- Genre: Comedy Slapstick
- Created by: Ale McHaddo
- Country of origin: Brazil
- Original language: Portuguese
- No. of seasons: 2
- No. of episodes: 52

Production
- Production companies: Globosat 44 Toons

Original release
- Network: Gloob
- Release: November 18, 2013

= Osmar: The Heel of the Loaf =

Television series

Osmar: The Heel of the Loaf (Osmar, a Primeira Fatia do Pão de Forma) is a Brazilian animated television series. Was produced by 44 Toons in association with the TV channel Gloob, and created by Ale McHaddo.

The main character was originally created in a comic that was published in a children's magazine in 1993, the character was also adapted in a computer game in the late of 90s and also in a awarded short animated film in 2008.

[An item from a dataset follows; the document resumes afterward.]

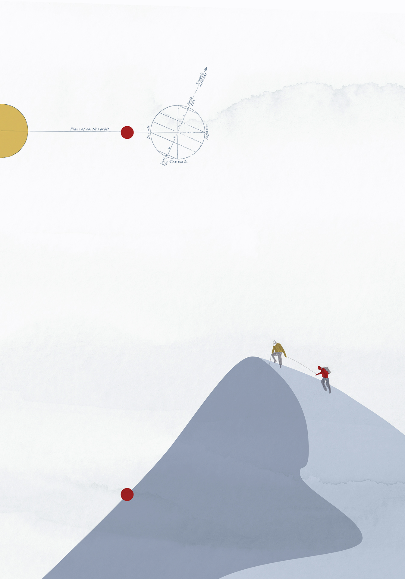 • Ilustração de montanha azul com duas pessoas a escalar e diagrama astronómico no canto superior esquerdo.
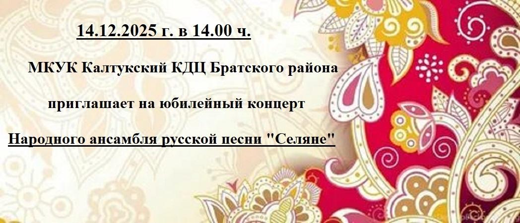В «Калтукском культурно-досуговом центре Братского района», пройдёт яркий, красочный, запоминающийся концерт, посвященный 50-летию образования Народного ансамбля русской песни «Селяне».

The show originally premiered on November 18, 2013 by the children's channel Gloob and in the same year was renewed for a second season.

== Plot ==
The series is set in a universe inhabited by anthropomorphic bakery foods, in the city Trigueirópolis (a pun with wheat in Portuguese). The main character Osmar is an unlucky slice of sandwich bread, rejected and humiliated by everybody. Osmar lives in an apartment with his best friend Steve, a lazy wannabe bread who is jobless and lives at Osmar's expense. Other characters in the series include the grumpy apartment manager Seu Max, Osmar's neighbor and love interest Josie, Osmar's corrupt boss Seu Benny, and Osmar's friends Lucy and Bob.